Ganz anders dürfte das Stimmungsbild bei Kevin Warsh sein. Der neue Fed-Chef ist erst seit Mai im Amt und steht vor einer gewaltigen Aufgabe. Bei seinem Antritt versprach er, die nach wie vor hohe Inflation in den USA wieder an die Zielmarke von zwei Prozent anzunähern. Andererseits kühlte sich der Arbeitsmarkt zuletzt ab. Und dann ist da noch US-Präsident Donald Trump, der sinkende Leitzinsen erwartet. Bislang war Warsh aber überraschend still, ob seiner geldpolitischen Vorstellungen.
“Kurzfristige Konsolidierung bei Bitcoin”
Doch gerade dieses Szenario könnte der Rallye Steine in den Weg legen, meint James Butterfill, Head of Research beim Krypto-Vermögensverwalter CoinShares gegenüber BTC-ECHO. Jackson Hole dürfte für ihn zum unmittelbaren Test werden, in dem Bitcoin die Chance hat, die Nachhaltigkeit der Rallye zu bestätigen.
Um diesen Test zu bestehen, bräuchte die Kryptowährung aber die Unterstützung der Fed – und das in Form von Zinssenkungen. Blieben diese aus, könnte es am Krypto-Markt erste Gewinnmitnahmen auslösen. “Wir rechnen kurzfristig mit einer Konsolidierung”, so die Einschätzung Butterfills, denn der Bereich um die 80.000 US-Dollar erweise sich aktuell als hartnäckiger Widerstand.
Hoffnung macht ihm hingegen die Nachfrage nach Bitcoin. Zuletzt hatten Analysten der Kryptowährungen einen “fehlenden Kaufdruck” auf großen Spot-Märkten wie Binance attestiert. Für Butterfill sei das aber kein Grund zur Sorge. Die Antreiber der Rallye fänden sich nicht auf Krypto-Börsen, sondern an der Wall Street, bei den institutionellen Investoren. Und die Nachfrage hier bleibt weiterhin hoch.

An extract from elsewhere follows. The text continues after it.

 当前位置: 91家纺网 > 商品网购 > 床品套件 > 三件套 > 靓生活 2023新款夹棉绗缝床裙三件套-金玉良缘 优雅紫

Die Bitcoin-Spot ETFs verzeichneten diese Woche allein wieder Zuflüsse in Höhe von 1,13 Milliarden US-Dollar. Auch die Daten von CoinShares bestätigen das. “Der Großteil der Käufer ist institutionell und kommt über ETPs und OTC-Kanäle in den Markt”, so Butterfills Analyse. Neben Bitcoin und Ethereum, liege das Interesse der Anleger auch bei Altcoins wie XRP, Solana und Hyperliquid.
“Dann sind 100.000 US-Dollar möglich”
Um tatsächlich das Ende des Bärenmarktes zu bestätigen, wäre wohl erst ein Sprung Bitcoins über die Marke der 100.000 US-Dollar nötig. Dass das in diesem Jahr noch passiert, hält Butterfill für “möglich, aber anspruchsvoll”. Bitcoin müsste im Grunde den gesamten Verlust des aktuellen Handelsjahres wettmachen.

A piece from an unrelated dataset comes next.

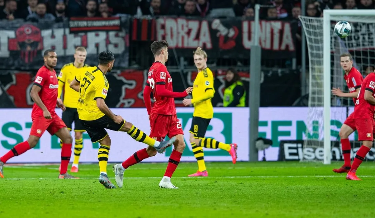 08 February 2020, North Rhine-Westphalia, Leverkusen: Football: Bundesliga, Bayer Leverkusen - Borussia Dortmund, 21st matchday in the BayArena. Dortmund's Emre Can (3rd from left) scores the goal against Leverkusen's Kai Havertz for the 1:2 Photo: Guido Kirchner/dpa - IMPORTANT NOTE: In accordance with the regulations of the DFL Deutsche Fußball Liga and the DFB Deutscher Fußball-Bund, it is prohibited to exploit or have exploited in the stadium and/or from the game taken photographs in the form of sequence images and/or video-like photo series., Image: 497198557, License: Rights-managed, Restrictions: GERMANY OUT, Model Release: no, Credit line: Guido Kirchner / AFP / Profimedia

Um überhaupt die Chance darauf zu haben, müssten für den Head of Research drei Dinge passieren: Die Fed müsste deutlich machen, dass der Straffungszyklus der Leitzinsen beendet ist oder Zinssenkungen signalisieren. Die Nachfrage nach Krypto-ETPs müsste weiterhin wöchentlich nahe der Milliardenmarke bleiben. Und nicht zuletzt wären auch größere Marktteilnehmer in der Pflicht, wieder mehr zu akkumulieren. Zeit dafür hätte der Krypto-Markt bis zum Herbst, sagt der CoinShares-Analyst. Ein doch ambitioniertes Zeitfenster.